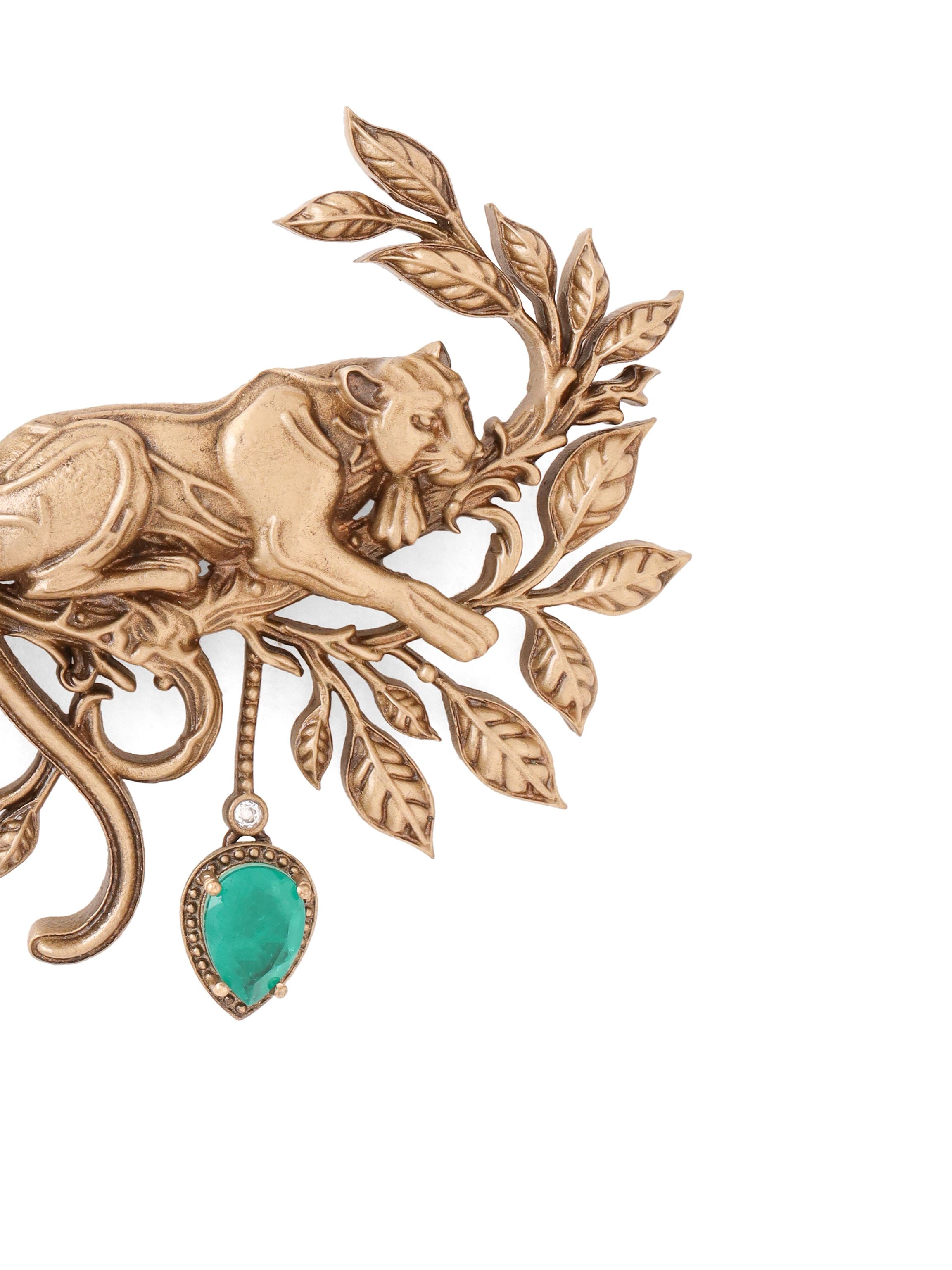 Elevate your ensemble with the Majestic Panther Brass Brooch, a stunning accessory that captures the essence of elegance and power. Expertly crafted from lightweight brass, this brooch features a regal panther gracefully poised on a leafy branch, symbolizing strength and grace. The detailed design is accentuated with a striking green teardrop pendant, adding a touch of sophistication to the piece.
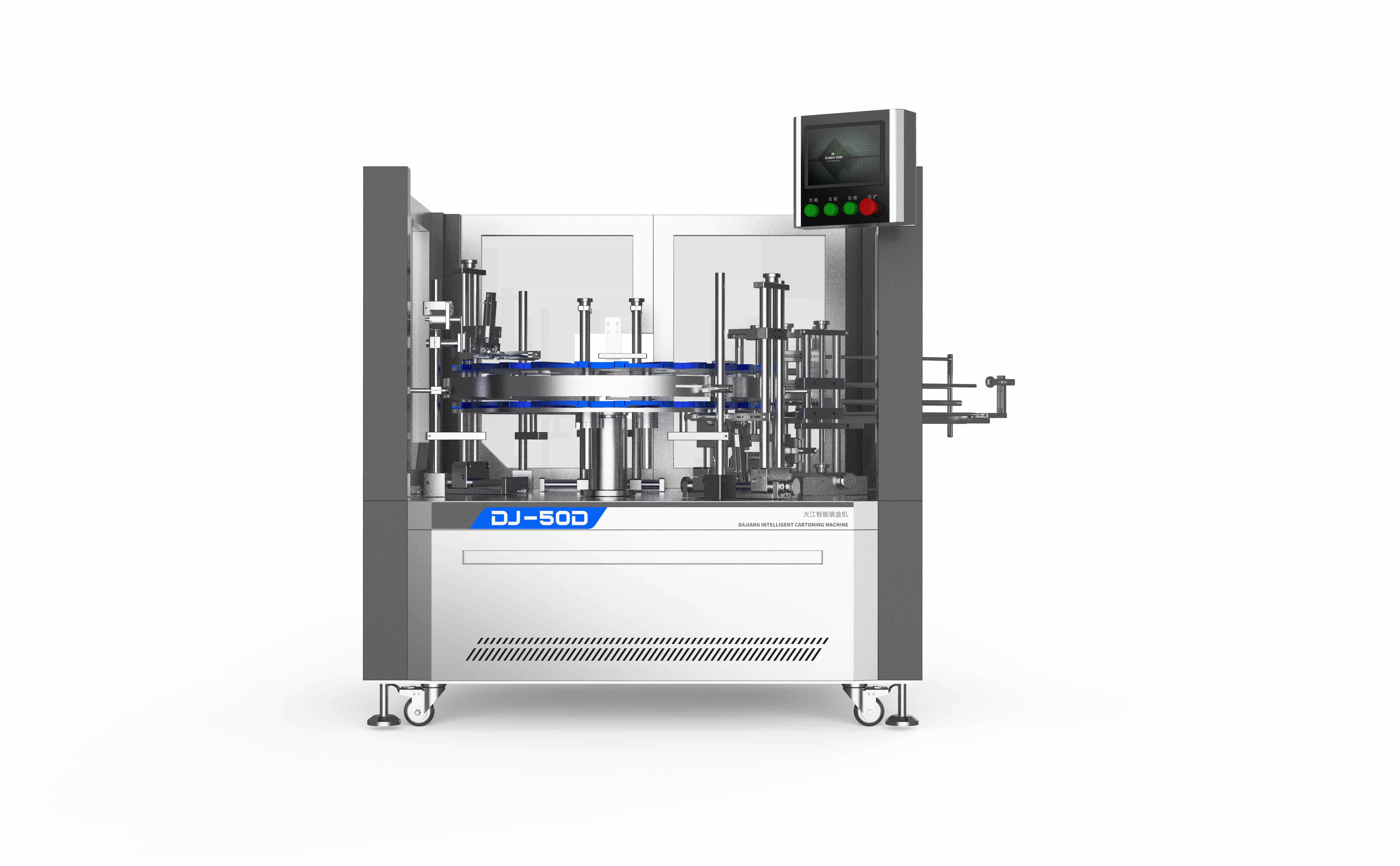 DJ-50多功能立式裝盒機適應(yīng):制藥行業(yè),食品行業(yè),化妝品行業(yè),電子行業(yè)紙盒立式自動成型包裝。
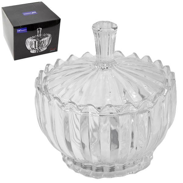 Сахарница стеклянная Ø-15см h-10см, с крышкой
_ _ _ _ _
Word for word, reproduce all of the data, but keep out the pictures.

▶ RESPONSE TO THE TASK:
 Elevate your ensemble with the Majestic Panther Brass Brooch, a stunning accessory that captures the essence of elegance and power. Expertly crafted from lightweight brass, this brooch features a regal panther gracefully poised on a leafy branch, symbolizing strength and grace. The detailed design is accentuated with a striking green teardrop pendant, adding a touch of sophistication to the piece.
 DJ-50多功能立式裝盒機適應(yīng):制藥行業(yè),食品行業(yè),化妝品行業(yè),電子行業(yè)紙盒立式自動成型包裝。
 Сахарница стеклянная Ø-15см h-10см, с крышкой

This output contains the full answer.